Murine models highlight Treg potential. In Actc1^tmP mouse models of HCM, immune cell infiltration increased progressively, doubling by 36 weeks. Notably, the adoptive transfer of CD4+Foxp3+ Tregs from mouse spleens significantly reduced cardiac fibrosis and improved systolic function, as assessed by late gadolinium enhancement cardiac magnetic resonance imaging (LGE-CMR) and Masson’s trichrome staining. Treatment with sifalimumab, an IL-2 receptor agonist, at a low dose (0.375 μg) nearly abolished fibrosis in treated mice (n=3 per group) over two weeks. These results underscore the therapeutic potential of enhancing Treg function to mitigate HCM progression.

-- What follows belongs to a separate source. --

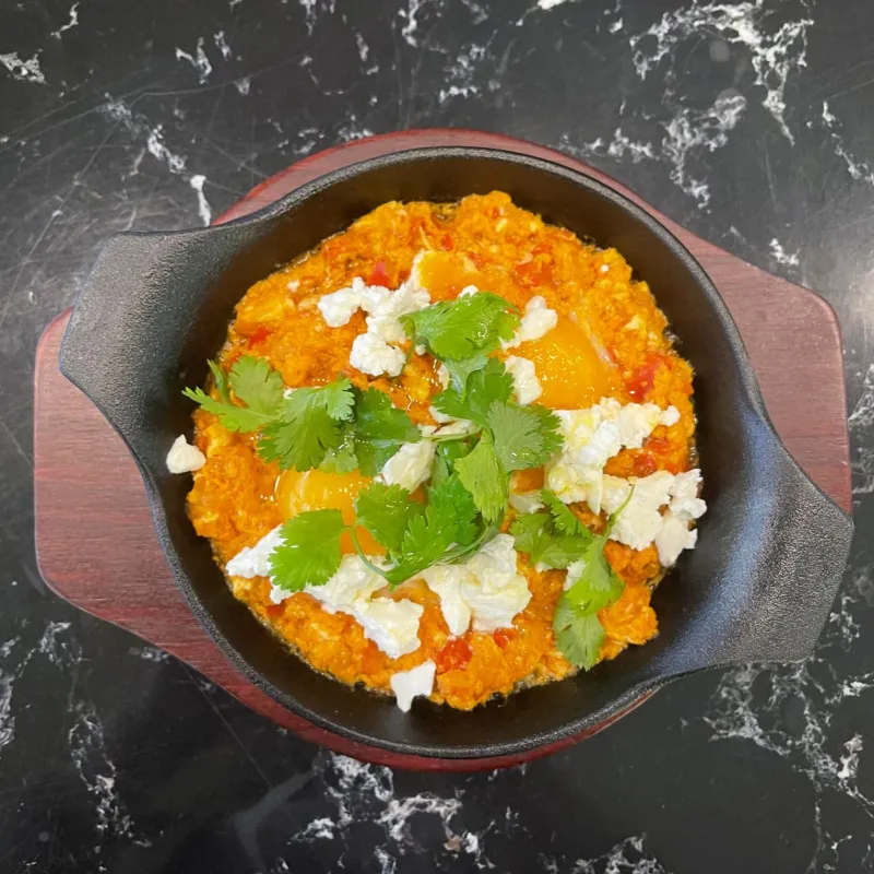 (шакшука, яйцо, сыр салакис, зелень)

Treg functionality and immune checkpoints. The study revealed that Tregs in HCM hearts, both human and murine, exhibit altered functionality. Single-cell RNA sequencing showed upregulation of immune checkpoint molecules like PD-1, CTLA-4, and TIGIT, alongside reduced expression of metabolic and inflammatory genes (e.g., Dhrs1, Ifng1). This profile suggests Tregs are attempting to suppress inflammation but are functionally impaired, presenting a clear opportunity for pharmacological enhancement of Treg activity or checkpoint signaling.

Therapeutic opportunities in cardioimmunology. The findings position cardioimmunology as a transformative field for HCM treatment. Enhancing Treg function through adoptive cell therapies or IL-2-based biologics, such as sifalimumab, could reduce fibrosis and improve cardiac function, potentially preventing sudden cardiac death. The upregulation of PD-1 in HCM Tregs highlights a specific drug development target: PD-1 agonists could amplify Treg-mediated immunosuppression, offering a novel approach to dampen chronic inflammation. Additionally, targeting other checkpoints like CTLA-4 or TIGIT may further enhance therapeutic outcomes.

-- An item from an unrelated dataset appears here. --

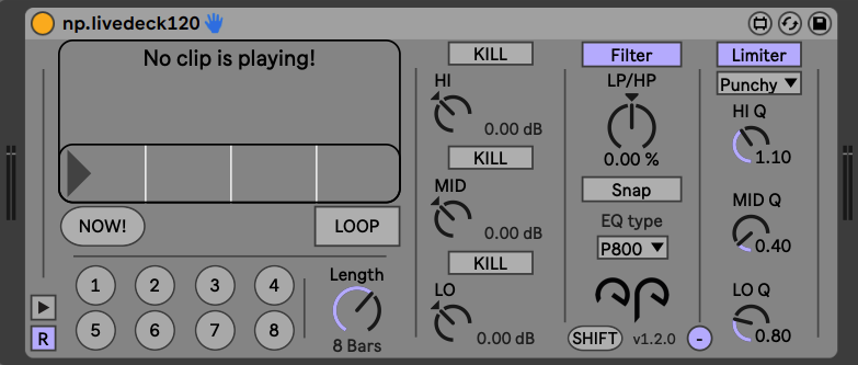 Description: LiveDeck is a M4L audio effect and Live API utility tool that features a three-band EQ, a combo filter (LP/HP), a simple limiter and a looper section that always controls the currently playing warped audio clip on Track in Live’s Session View.

PD-1 agonists as a frontier. The elevated PD-1 expression in HCM Tregs suggests that PD-1 agonists could bolster their anti-inflammatory effects, reducing myocardial damage. Preclinical data from the study support this hypothesis, as Treg-based interventions improved cardiac outcomes in mice. For drug developers, this opens a pipeline for developing PD-1 agonists, potentially repurposing existing molecules or designing novel biologics. However, challenges remain, including optimizing dosing regimens, ensuring cardiac specificity, and evaluating long-term safety in clinical trials.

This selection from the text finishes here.